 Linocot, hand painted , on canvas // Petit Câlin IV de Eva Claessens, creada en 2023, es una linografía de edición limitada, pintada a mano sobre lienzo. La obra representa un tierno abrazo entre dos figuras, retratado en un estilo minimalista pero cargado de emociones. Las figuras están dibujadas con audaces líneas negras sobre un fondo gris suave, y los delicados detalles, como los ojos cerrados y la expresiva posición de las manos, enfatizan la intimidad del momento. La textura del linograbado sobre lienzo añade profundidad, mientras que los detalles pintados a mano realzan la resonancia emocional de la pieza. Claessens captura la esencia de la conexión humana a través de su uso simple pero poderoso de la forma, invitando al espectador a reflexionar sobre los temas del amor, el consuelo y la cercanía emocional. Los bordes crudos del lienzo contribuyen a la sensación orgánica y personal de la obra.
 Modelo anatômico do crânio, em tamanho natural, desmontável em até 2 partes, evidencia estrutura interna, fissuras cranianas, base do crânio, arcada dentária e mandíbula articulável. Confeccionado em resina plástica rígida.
...
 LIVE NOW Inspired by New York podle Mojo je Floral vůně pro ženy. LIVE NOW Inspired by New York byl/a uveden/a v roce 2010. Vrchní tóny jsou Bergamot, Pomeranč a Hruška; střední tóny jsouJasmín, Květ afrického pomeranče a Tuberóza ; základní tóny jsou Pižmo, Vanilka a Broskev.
--
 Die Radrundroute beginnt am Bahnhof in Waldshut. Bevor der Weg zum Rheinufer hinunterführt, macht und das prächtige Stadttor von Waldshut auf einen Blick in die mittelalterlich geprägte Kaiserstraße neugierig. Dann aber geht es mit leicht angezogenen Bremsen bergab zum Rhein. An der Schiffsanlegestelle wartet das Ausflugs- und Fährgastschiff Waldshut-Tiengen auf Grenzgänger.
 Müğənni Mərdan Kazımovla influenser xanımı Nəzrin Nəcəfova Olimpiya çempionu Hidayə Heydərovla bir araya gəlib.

# PROBLEM TO WORK ON
Repeat exactly the lines of the listing above, from the one with "Die Radrundroute beginnt" down to the one with "Müğənni Mərdan Kazımovla"; both of those lines belong in the range.

# YOUR RESPONSE
 Die Radrundroute beginnt am Bahnhof in Waldshut. Bevor der Weg zum Rheinufer hinunterführt, macht und das prächtige Stadttor von Waldshut auf einen Blick in die mittelalterlich geprägte Kaiserstraße neugierig. Dann aber geht es mit leicht angezogenen Bremsen bergab zum Rhein. An der Schiffsanlegestelle wartet das Ausflugs- und Fährgastschiff Waldshut-Tiengen auf Grenzgänger.
 Müğənni Mərdan Kazımovla influenser xanımı Nəzrin Nəcəfova Olimpiya çempionu Hidayə Heydərovla bir araya gəlib.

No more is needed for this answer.